Implication de la protéine S, une protéine vitamine K-dépendante, dans la phagocytose et les effets anti-tumoraux des cellules souches du cerveau

par Aurélie Ginisty

Thèse de doctorat en Aspects moléculaires et cellulaires de la biologie

Sous la direction de Valérie Coronas et de Omar Benzakour.

Le président du jury était Olivier Oudar.

Le jury était composé de Valérie Coronas, Omar Benzakour, Gérard Mauco.

Les rapporteurs étaient François Vallette, Jean-Vianney Barnier.


  • Résumé

    Des cellules souches neurales (CSN) persistent dans le cerveau de mammifères adultes, y compris l'Homme. Les CSN participent à l'homéostasie tissulaire en générant de nouveaux neurones, permettant le remplacement de certains neurones morts. Cependant, la production de nouvelles cellules se fait en excès et plus de la moitié des cellules nouvellement générées meurent. Les cellules mortes ainsi que leurs débris doivent être éliminés par phagocytose. Dans une première partie de ma thèse, nous avons montré pour la première fois, que les CSN sont capables de phagocytose et que cette activité des CSN est régulée par la protéine S (ProS), une protéine vitamine-K dépendante, et son récepteur MerTK. Une rupture de l'homéostasie tissulaire conduit à des pathologies dont les cancers.

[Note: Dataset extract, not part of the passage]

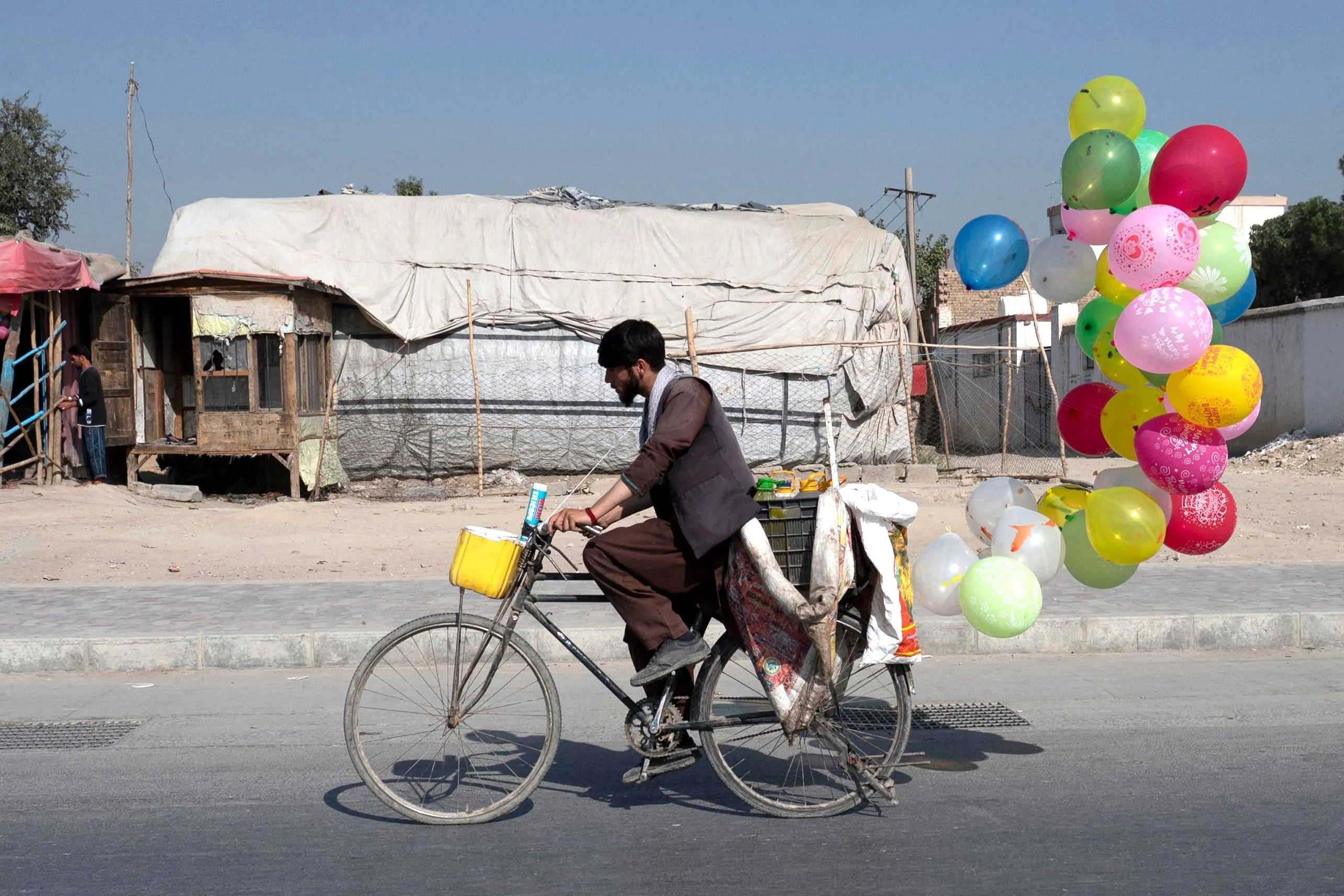 An Afghan balloon vendor rides a bicycle along a street in Kabul on August 31, 2023. (Photo by Wakil Kohsar/AFP Photo)

Les interactions entre les CSN et des tumeurs cérébrales, les gliomes, sont duelles et étroites : des CSN dont la prolifération est dérégulée seraient à l'origine des tumeurs, mais, à l'inverse, les CSN saines peuvent migrer vers les gliomes et inhiber leur croissance. Dans une deuxième partie de ma thèse, nous avons confirmé l'effet anti-tumoral des CSN et nous avons établi que la ProS sécrétée par les gliomes attire les CSN vers la tumeur d'une part, et d'autre part, que les CSN diminuent la croissance tumorale par la sécrétion de leur ProS. Nous démontrons de plus, que ce processus s'accompagne d'une mort cellulaire des gliomes dont les débris sont phagocytés par les CSN. Mon travail de thèse a permis d'identifier de nouveaux mécanismes impliqués dans le maintien de l'homéostasie tissulaire par les CSN en conditions physiopathologiques.

  • Titre traduit

    Involvement of protein S, a vitamin K- dependent protein, in the phagocytosis and anti-tumor effects of brain stem cells


  • Résumé

    Neural stem cells (NSC) persist in the brain of adult mammals, including humans. NSC contribute to tissue homeostasis maintenance through the genesis of new neurons that replace part of the cells that are maybe lost. However, the production of new cells is in excess and half of the newly generated cells die. Dead cells and their debris must be removed by phagocytosis. NSC express protein S (ProS) and its receptors, which are involved in phagocytosis. During the first part of my PhD thesis, we established for the first time, using in vitro and in vivo experiments, that NSC possess a phagocytic activity which is regulated by protein S (ProS), a vitamin K-dependent protein, and its receptor MerTK. Tissue homeostasis disruption leads to diseases such as cancers. Interactions between the NSC and brain tumors such as gliomas are dual and complex: glioma may arise from transformed NSC, but, conversely, normal NSC migrate towards glioma and inhibit their growth. Our study confirms the anti-tumoral effect of NSC and demonstrates, for the first time that ProS secreted by gliomas acts on Tyro-3 to attract NSC and that NSC secrete ProS which reduces tumor growth of ProS. In addition, we show that this process results in the death of glioma cells that are then phagocytosed by NSC. Our highlights identified novel mechanisms by which NSC contribute to tissue homeostasis in pathophysiological conditions.